*** SOURCE MATERIAL ***
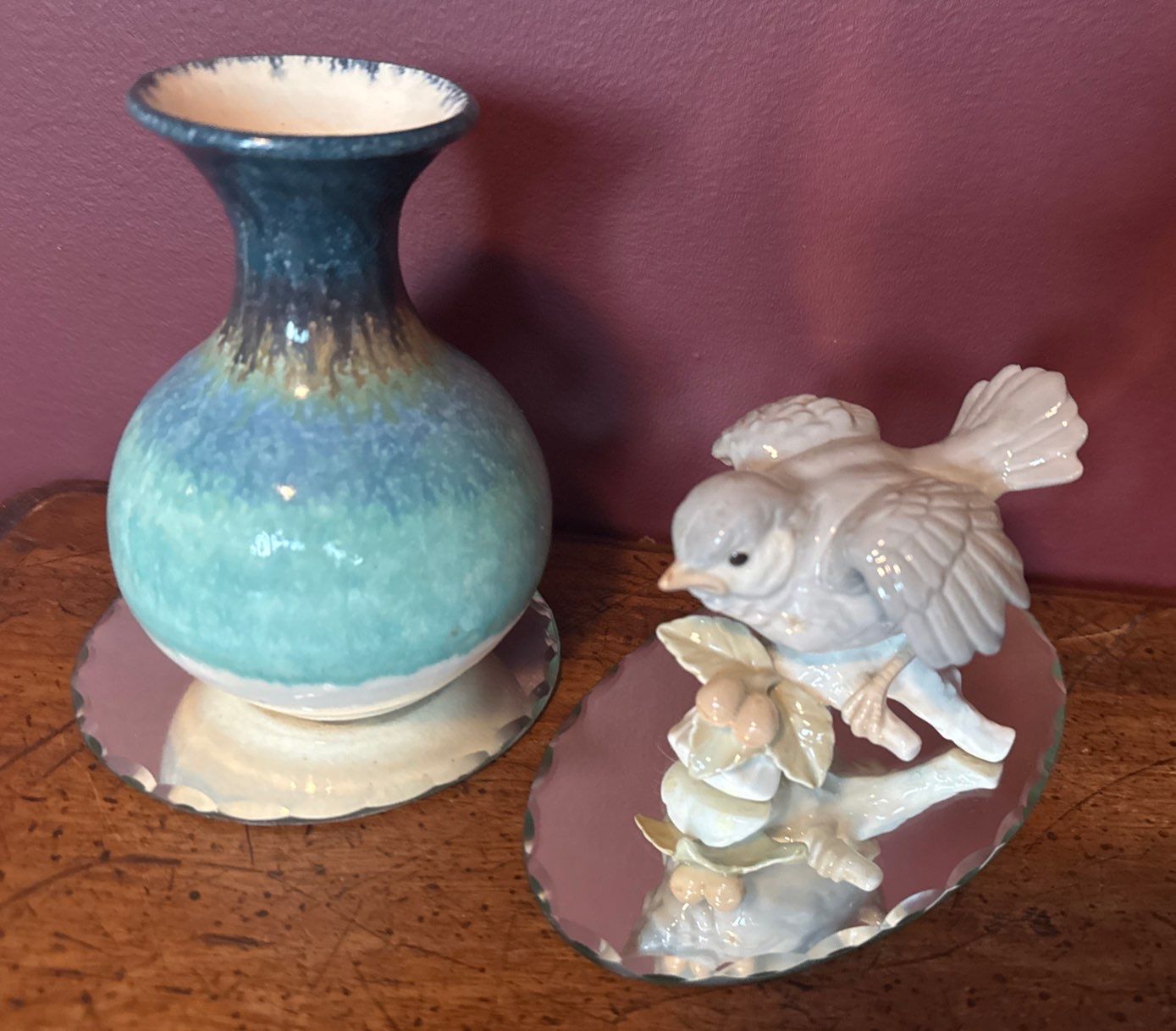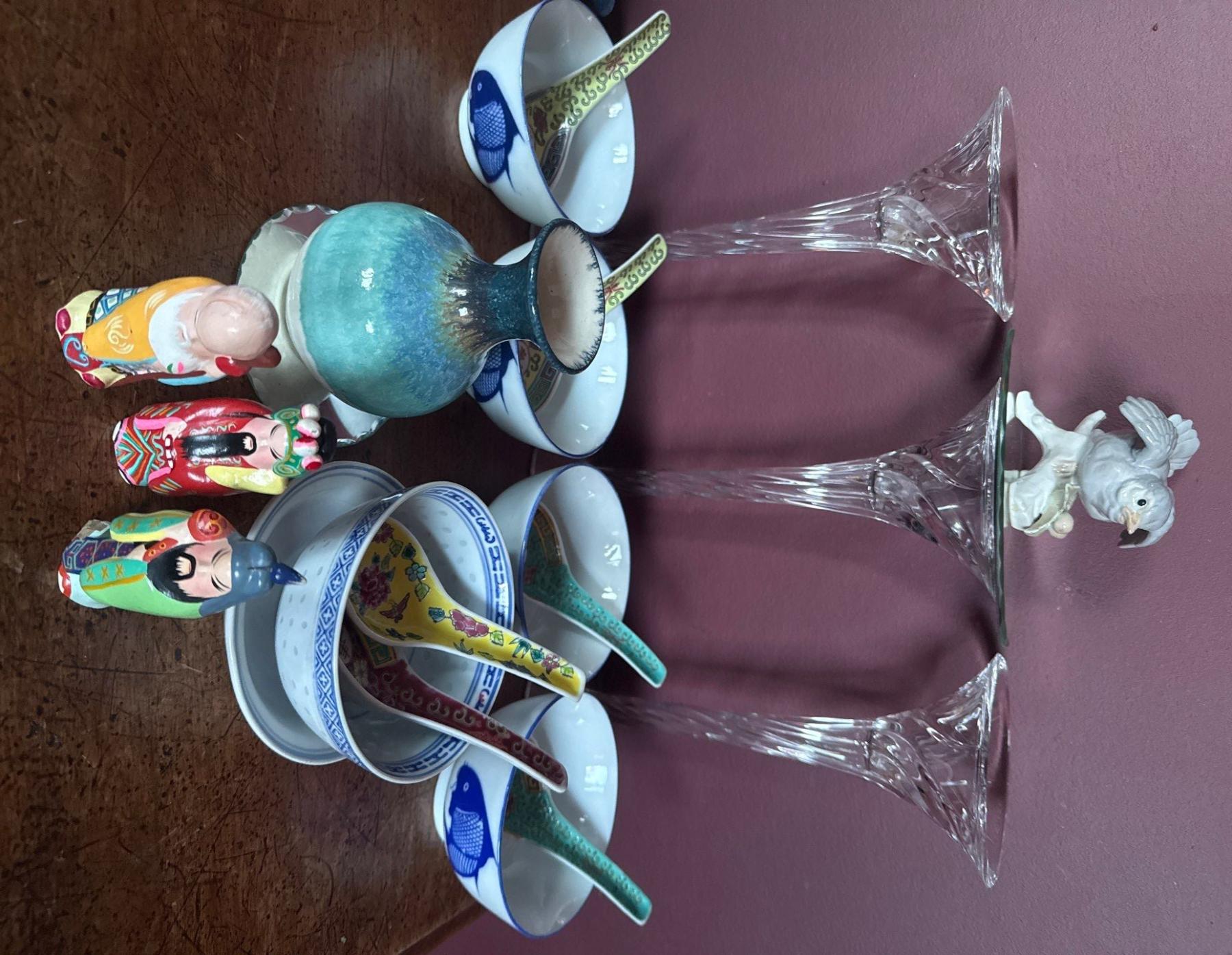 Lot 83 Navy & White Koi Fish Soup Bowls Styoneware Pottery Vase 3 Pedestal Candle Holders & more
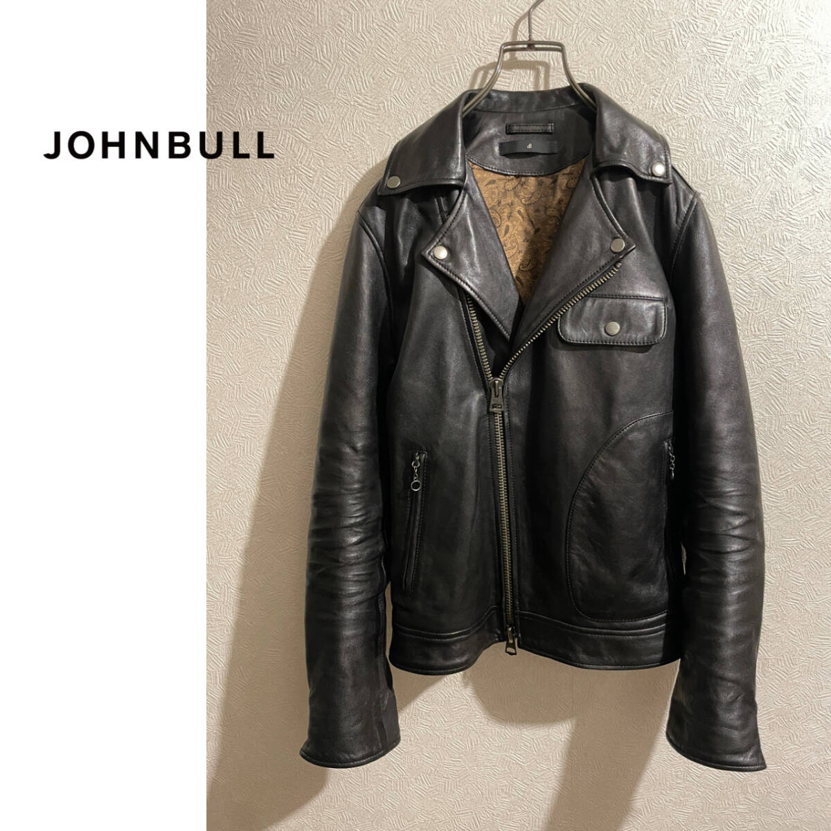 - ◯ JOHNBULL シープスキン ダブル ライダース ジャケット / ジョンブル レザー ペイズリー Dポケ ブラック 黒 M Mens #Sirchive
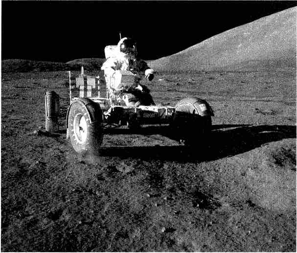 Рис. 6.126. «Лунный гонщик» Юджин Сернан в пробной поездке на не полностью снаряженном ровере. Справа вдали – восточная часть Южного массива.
*** End of SOURCE MATERIAL ***
» ABOUT THIS EXERCISE: It would help to have the listing above repeated exactly, with all images removed.

» EXERCISE OUTPUT:
 Lot 83 Navy & White Koi Fish Soup Bowls Styoneware Pottery Vase 3 Pedestal Candle Holders & more
 - ◯ JOHNBULL シープスキン ダブル ライダース ジャケット / ジョンブル レザー ペイズリー Dポケ ブラック 黒 M Mens #Sirchive
 Рис. 6.126. «Лунный гонщик» Юджин Сернан в пробной поездке на не полностью снаряженном ровере. Справа вдали – восточная часть Южного массива.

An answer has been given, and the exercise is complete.